◆ **PROBLEM**:
Please print, exactly as written, the line containing "这种交付体系在被不断填充到中" and each line after it through the end of the material; pictures stay out.

================

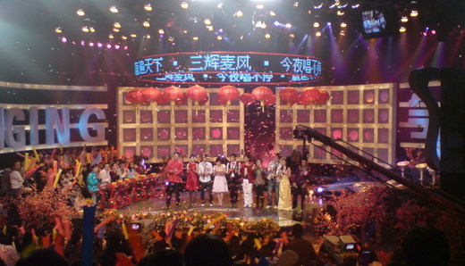 節目裏很多“笑話”。本來沒去想為什麽要那麽早錄制新年節目,要我們穿喜慶些的衣服,現場的布景又假梅花又盆桔,連主持也穿新年一身紅透的服飾,結果主持人在說臺詞的時候說“你看啊,現在是大年初三...”附近的人全在笑,想不到這節目居然提前24天錄影,這倒是解釋了為什麽上次去深圳電視臺參加梁靜茹歌友會那期節目要差幾天就一個月才播出。現場的選手在逐個上場說新年祝福的時候都很不順口,我聽著也很不順耳。
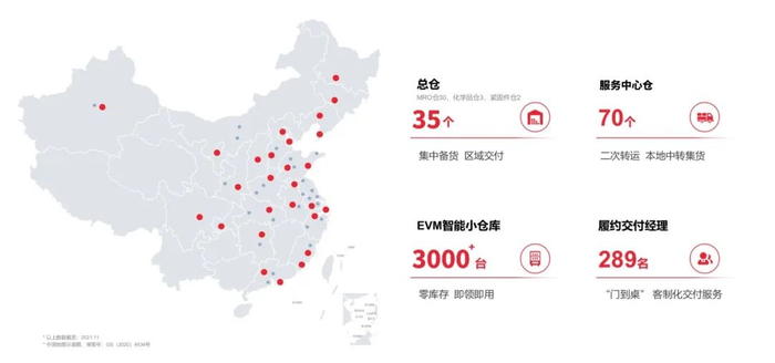 这种交付体系在被不断填充到中国的地域拼图里。在过去的8年时间里,震坤行已建成35个全国总仓,70个服务中心仓,3000+EVM智能小仓库,履约交付经理人数接近300人,着力搭建覆盖全国“最后一公里”的交付网络。
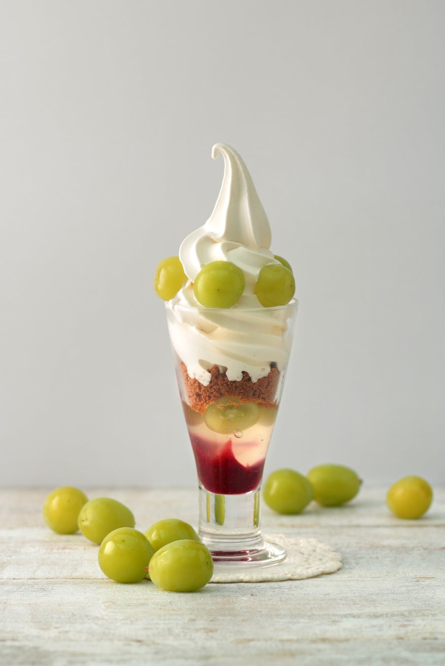 濃厚でまろやかな味わいの北海道ミルクソフトに、うきは産のみずみずしいシャインマスカットと甘酸っぱい自家製ベリーソース、さっぱりとしたレモンのジュレをあわせました。
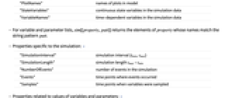 "SimulationInterval" simulation interval {tmin,tmax} "SimulationLength" simulation length tmax-tmin "NumberOfEvents" number of events in the simulation "Events" time points where events occurred "Samples" time points when variables were sampled - Properties related to values of variables and parameters: »
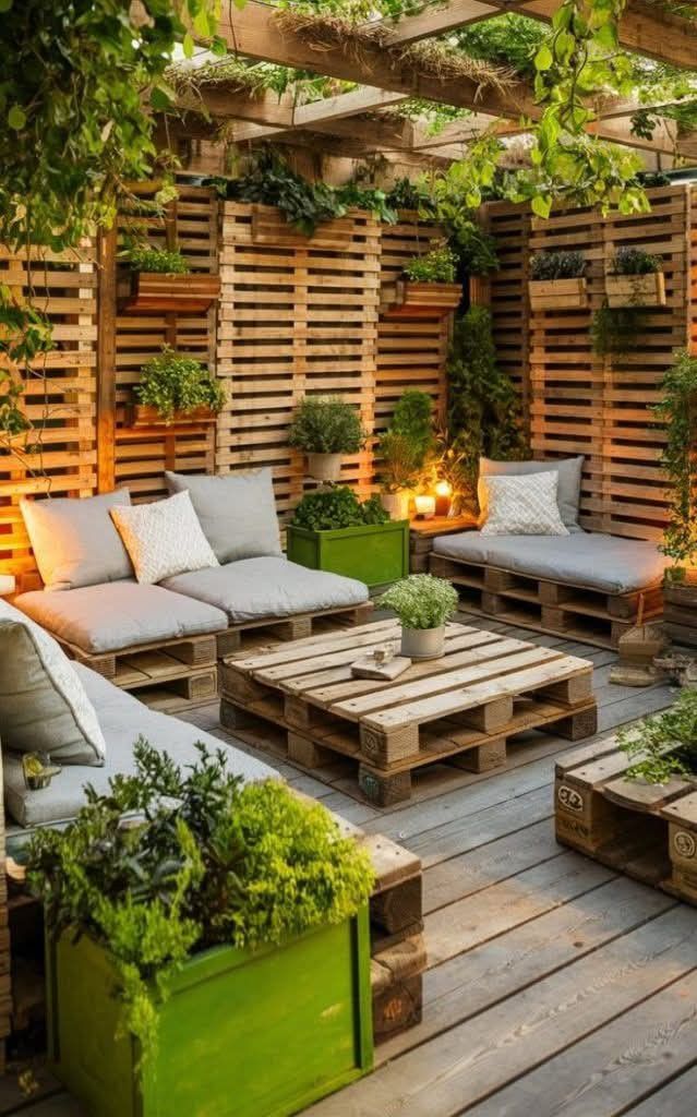 Wooden benches and pallet seating create inviting spaces for socializing and relaxation. In gardens, they can frame pathways, highlight flower beds, or provide comfortable spots to enjoy the outdoors. On patios or decks, pallet sofas and lounge areas encourage gatherings, offering a casual, cozy atmosphere that complements natural surroundings.
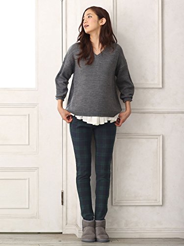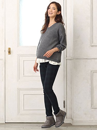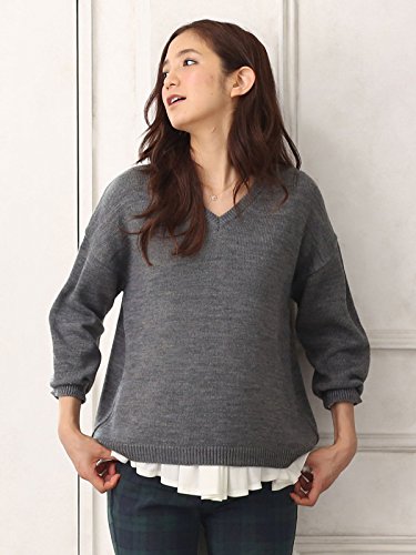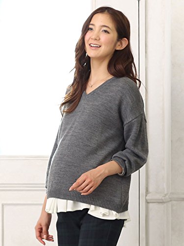 Angeliebe エンジェリーベ 日本 製 授乳 しやすい バック ふらし V ネック ニット フリー 杢 グレー

================

◆ **ANSWER BOX**:
 这种交付体系在被不断填充到中国的地域拼图里。在过去的8年时间里,震坤行已建成35个全国总仓,70个服务中心仓,3000+EVM智能小仓库,履约交付经理人数接近300人,着力搭建覆盖全国“最后一公里”的交付网络。
 濃厚でまろやかな味わいの北海道ミルクソフトに、うきは産のみずみずしいシャインマスカットと甘酸っぱい自家製ベリーソース、さっぱりとしたレモンのジュレをあわせました。
 "SimulationInterval" simulation interval {tmin,tmax} "SimulationLength" simulation length tmax-tmin "NumberOfEvents" number of events in the simulation "Events" time points where events occurred "Samples" time points when variables were sampled - Properties related to values of variables and parameters: »
 Wooden benches and pallet seating create inviting spaces for socializing and relaxation. In gardens, they can frame pathways, highlight flower beds, or provide comfortable spots to enjoy the outdoors. On patios or decks, pallet sofas and lounge areas encourage gatherings, offering a casual, cozy atmosphere that complements natural surroundings.
 Angeliebe エンジェリーベ 日本 製 授乳 しやすい バック ふらし V ネック ニット フリー 杢 グレー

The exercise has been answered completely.